ISLAMABAD: The United States is set to boost its security and intelligence cooperation with Pakistan to step up its offensive against Islamist militants, Secretary of State John Kerry said Tuesday.
“I emphasized that the US is committed to deepening our security relationship with Pakistan in order to eliminate threats in the border area and elsewhere,” Kerry told reporters.
He was addressing a joint press conference with Pakistan’s national security advisor Sartaj Aziz as the two countries held strategic talks on the direction of future ties.
In the wake of last month’s Taliban attack on a Peshawar school which killed 150 people, mostly children, Pakistan has moved against militant groups sheltering in its unruly tribal areas.
“The tragedy of December 16 is really a reminder of the serious risk of allowing extremists to find space, and be able to command that space and operate within it,” Kerry said.
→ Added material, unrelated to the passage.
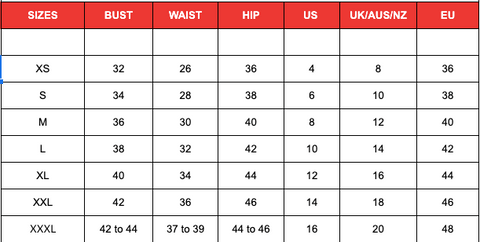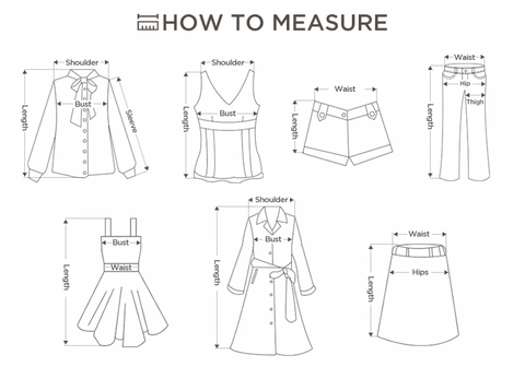This chart helps to measure the tops, jumpsuits and dresses size.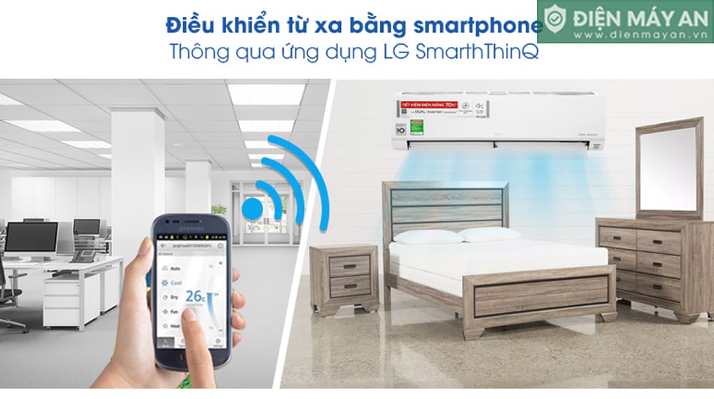 Nhờ vào công nghệ Dual Inverter, Điều hòa LG giúp tiết kiệm điện tối đa lên đến 70%, đồng thời vẫn duy trì khả năng làm lạnh mạnh mẽ. Công nghệ này không chỉ giúp giảm chi phí điện năng hàng tháng mà còn làm cho điều hòa vận hành êm ái, bền bỉ và kéo dài tuổi thọ sản phẩm.

He said all militant groups such as the Pakistani and Afghan Taliban, the Haqqani network and Lashkar-e-Taiba “continue to pose a threat not just to Pakistan and its neighbours but also to the United States and the world.”
“Make no mistake the task is a difficult one and it is not done,” Kerry said.
“We all have a responsibility to ensure that these extremists are no longer able to secure a foothold in this country or elsewhere.”
Pakistani officials have said that Kerry plans to visit Peshawar in a huge show of support for the people there.
But there has been no State Department confirmation of Kerry’s trip to the insurgency-wracked city, which would be the first by a high-ranking American official since Speaker John Boehner went in 2011.